Linear Correlation Average Flight per Terminal vs Average Delay per Terminal
+-----------+
|Correlation|
+-----------+
|      -0.12|
+-----------+

+---------+------------+-----------+----------------+------------------------------+
|TERMINALS|NUM AIRPORTS|NUM FLIGHTS|AVG FLIGHTS/TERM|AVG FLIGHT DEL

### 5. Discretize the arrival delay as in the reference notebook, and relate it to the average number of arriving flights per runway. Is there a relation?

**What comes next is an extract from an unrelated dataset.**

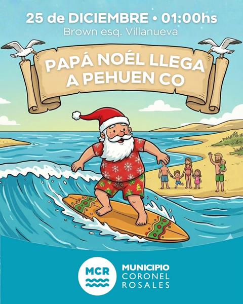 Este 25 de diciembre, desde la 01:00 hs, Papá Noel hará su arribo a la playa de Pehuen Co para compartir un momento especial con …

Support your conclusions with data.

In [16]:
RunDF=RunwayDF.withColumn('AVG FLIGHTS/RUNWAY', round(col('NUM FLIGHTS')/(col('RUNWAYS')*col('NUM AIRPORTS')),1))\
          .select('RUNWAYS','NUM AIRPORTS','NUM FLIGHTS', 'AVG FLIGHTS/RUNWAY', 'AVG FLIGHT DELAY/RUNWAY(Min)')\
          .orderBy(col('AVG FLIGHTS/RUNWAY').asc())

TotalFlightsDF = DestDF.groupBy("RUNWAYS").agg(count("ArrDelay").alias("TotalFlights"))

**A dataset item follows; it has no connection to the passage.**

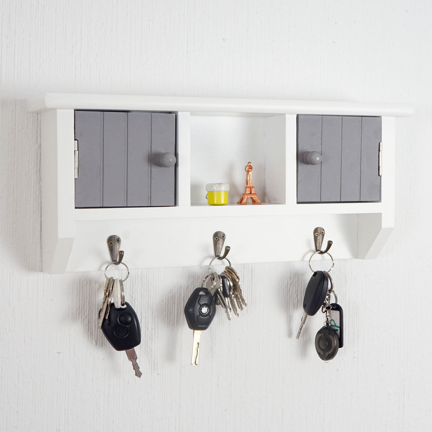 Porte-clés murale avec portes, bois massif certifié FSC gris-blanc

DelayDF = DestDF.where(col("ArrDelay")!="NA")\
                               .withColumn("DelaySeverity", when(col("ArrDelay")<=0,"1.nodelay")\
                               .when((col("ArrDelay")>0) & (col("ArrDelay")<=15),"2.acceptable")\
                               .when((col("ArrDelay")>15) & (col("ArrDelay")<=30),"3.annoying")\
                               .when((col("ArrDelay")>30) & (col("ArrDelay")<=60),"4.impactul")\
                               .otherwise("5.unacceptable"))

DelayDF.cache() 

SevereDelaysDF = DelayDF.where((col("Cancelled")==0))\
                           .where((col("DelaySeverity")!="1.nodelay") & (col("DelaySeverity")!="2.acceptable"))\
                           .withColumn("IntArrDelay", col("ArrDelay").cast(IntegerType()))\
                           .select("DelaySeverity", "IntArrDelay","RUNWAYS")\
                           .groupBy("RUNWAYS", "DelaySeverity")\
                           .agg(count("IntArrDelay").alias("NumSevereDelayedFlights"))

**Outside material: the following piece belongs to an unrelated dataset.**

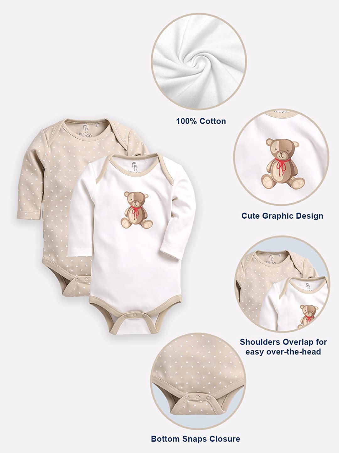 BABY GO Baby Unisex Romper for All Season/Sleep Suit/Comfort fit/ 100% Cotton (Set of 2) 0 - 3 Months
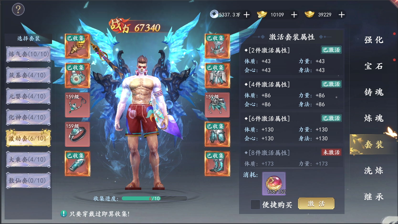 凑齐套装,只要穿戴过即可激活。激活后可以通过材料来培养。材料可以通过活动和商场购买获得。

combinedDF = SevereDelaysDF.join(TotalFlightsDF, "RUNWAYS")\
                             .withColumn("SevereDelayedRatio", round(col("NumSevereDelayedFlights")/col("TotalFlights")*100,1))\
                             .orderBy(col("SevereDelayedRatio").desc())
combinedDF.cache()


combinedDF=combinedDF.groupBy("RUNWAYS")\
          .pivot("DelaySeverity")\
          .min("SevereDelayedRatio")\
          .orderBy(col("`5.unacceptable`").desc(), col("`4.impactul`").desc(), col("`3.annoying`").desc())

FinalDF= RunDF.join(combinedDF,"RUNWAYS")\
              .withColumn("Severe Delays %", col("`5.unacceptable`")+col("`4.impactul`")+col("`3.annoying`"))\
              .select('RUNWAYS', 'AVG FLIGHTS/RUNWAY',"Severe Delays %","`5.unacceptable`","`4.impactul`","`3.annoying`")\
              .orderBy(col('AVG FLIGHTS/RUNWAY').asc())

print("Runways with % severe delayed flights by category:")
FinalDF.show()


Runways with % severe delayed flights by category:
+-------+------------------+------------------+--------------+----------+----------+
|RUNWAYS|AVG FLIGHTS/RUNWAY|   Severe Delays %|5.unacceptable|4.impactul|3.annoying|
+-------+------------------+------------------+--------------+----------+----------+
|      6|             178.8|              19.3|           4.8|       5.7|       8.8|
|      3|             342.0|              17.4|           4.1|       5.6|       7.7|
|      5|             407.8|              16.6|           4.8|       5.3|       6.5|
|      2|             431.5|18.299999999999997|           4.1|       6.0|       8.2|
|      4|             554.9|              20.5|           5.4|       6.5|       8.6|
|      1|            1185.3|22.700000000000003|           5.9|       7.7|       9.1|
+-------+------------------+------------------+--------------+----------+----------+



Any busy airport with 1-2 runways has to make those runways work as tightly as possible with little room for error. Otherwise they end up with delays.